## Notebook Topic: Numpy Arrays

<ins>Learning Objectives</ins>

1. To do analysis on a numpy array

One of the most important Python libraries in scientific computing is the **numpy** library.  Moreover, the numpy array is one of the most important data structures in Python.  Therefore, it is worth at least one notebook to become comfortable with its features.  

Luckily, we've been working with both the **numpy** library and numpy arrays in previous notebooks!  So you have some familiarity already.  In this notebook, we'll be more intentional about that learning and follow along Chapter 4 in our textbook, *Python for Data Analysis*.

**Section I: Element-Wise Operations**

In [1]:
# import numpy
import numpy as np

# create a list
x = [1.5, -0.1, 3]
y = [0, -3, 6.5]

# can make a list a vector (or 1-dimensional numpy array)
x_np = np.array(x)

# or, can make a matrix from multiple lists (or 2-dimensional numpy array)
mat = np.array([x,y])

In a new code chunk, write out *x_np.shape* and *mat.shape*.  

1. What do you get for each one?  
2. What do you think *shape* attribute gives you, more generically?

Insert your answers here or in a new text box below.

Often, we want to apply operations to each element of a matrix.  

For example, 

* let **A** be a dataset where each row represents a home for sale in Berkshire county and each column represents a feature that contributes to the sale of the home (for example, total number of square feet, number of bedrooms, the age of the house, the age of the roof, etc.).  In the last column of **A**, the price is listed.

* Currently the prices are outdated.  We know inflation has caused the sale price of each home skyrocket.  They are now 10 times greater than the current dataset lists.  

* If there are more than 10 homes listed, we want a nice, easy operation to take care of changing those prices!

In [None]:
# element-wise addition
mat + mat

In [None]:
# element-wise multiplication
10*mat

3. Based on your observations for the outputs in the previous two code chunks, what do you think "element-wise" means?
4. Do you think *mat\*mat* will produce element-wise multiplication too?  Test your hypothesis!

Insert your answers here or in a new text box here.

These operations are the basic arithematic operations.  Other mathematical functions are also applied per element.  Check out Table 4.4.  Give me at least four of your favorite functions and describe them for me here!

**Section II: Create Your Own**

Based on what you observed with the creation of *mat*, try and create your own numpy array with 3 rows and 2 columns.  Call it *data1*.  Use the numbers {1,1,1,1,2,3} in your dataset.

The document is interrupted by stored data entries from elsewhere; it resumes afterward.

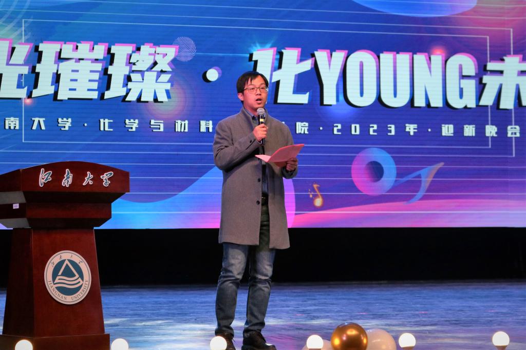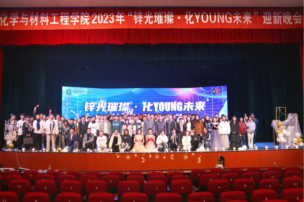 在文浩馆举行2023年“锌光璀璨,化young未来”迎新晚会。学院院长刘仁,党委副书记、副院长董霞,副院长马丕明,学工办主任、分团委书记鞠峰,学工办副主任侯玉莹,辅导员及班主任老师出席此次晚会。
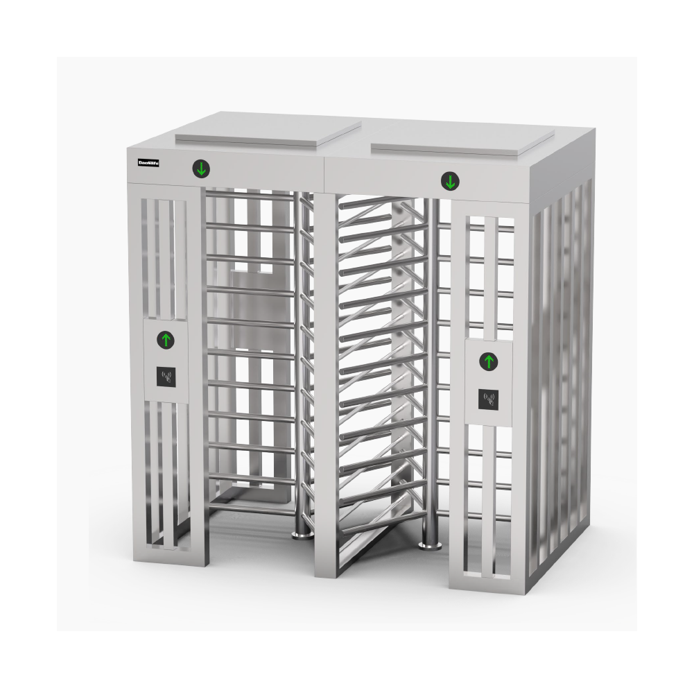 Karuselové dveře DS402FS plné výšce jsou navrženy tak, aby poskytovaly řešení kontroly přístupu pro venkovní nebo vysoce zabezpečená místa, jako jsou věznice, stadiony a staveniště. Robustní střecha s ochranou proti dešti, která odolá nepříznivému počasí, volitelně s nerezovou ocelí 304 nebo 316. Standardní velikost je 2,2 m (délka) x 1,5 m (Š), kterou lze přizpůsobit. Je ideální pro vnitřní i venkovní použití, protože celé tělo je vyrobeno z kartáčované nerezové oceli, která je vodotěsná, odolná proti korozi a tuhá. Dva viditelné LED indikátory na přední straně a další dva nahoře pro indikaci vstupu nebo odmítnutí. Obě značky zobrazují sekci. Rameno má na výběr 120° nebo 90° rotory. Má standardní vstup, který lze integrovat do jakéhokoli systému kontroly přístupu třetí strany (např. RFID, otisky prstů a biometrické čtecí zařízení).
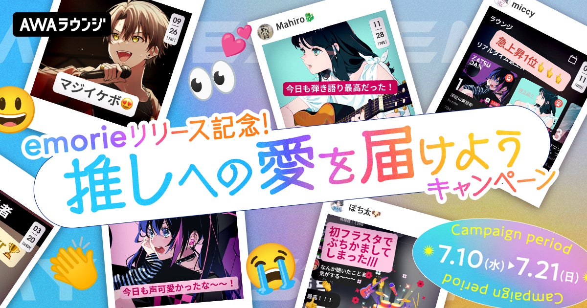 さらに、同機能のリリースを記念して、『推しへの愛を届けようキャンペーン』を実施いたします。本キャンペーンは、2024年7月10日(水)〜2024年7月21日(日)の期間中に、AWAラウンジにて配信しているクリエイターに対して『emorie』にて投稿されたファンアートおよび推し画像を審査のもと表彰するもので、どなたでも無料でご参加いただけます。
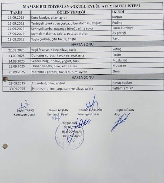 EYLÜL KULÜP YEMEK LİSTESİ
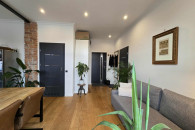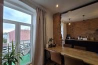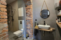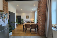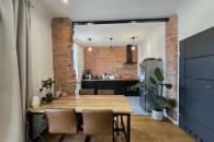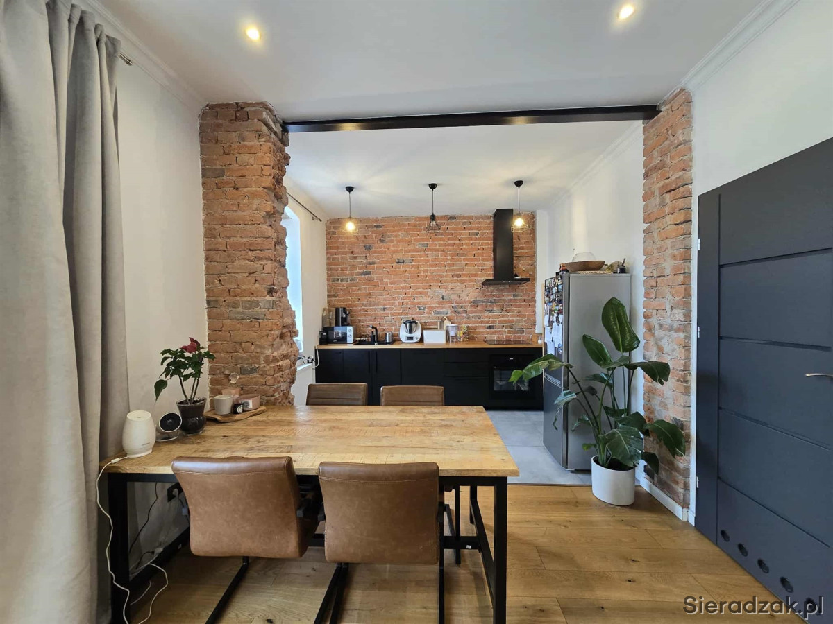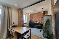 Stylu nadają podłogi wyłożone deską barlinecką, ozdobna cegła na ścianach nadaje charakteru wnętrzu. Oryginalne, drewniane stoły i meble pozostają na wyposażeniu mieszkania.

Sometimes you may need "dummy" data.  We can make a dataset of 0's or 1's or random numbers, depending on what serves our needs best.

In [None]:
# create an array of 0's
Z = np.zeros((10,3)) # what are the dimensions of this data?


In [None]:
# create an array of 1's
O = np.ones((3,15)) # how many ones total are in this data?

In [None]:
# create an array of random values from N(0,1) like before
R = np.random.normal(loc = 0, scale = 1, size = (3,5))

Creating an array of random values from N(0,1) can be confusing.  Now that you are more familiar with numpy arrays, try and explain what is happening in the previous code chunk!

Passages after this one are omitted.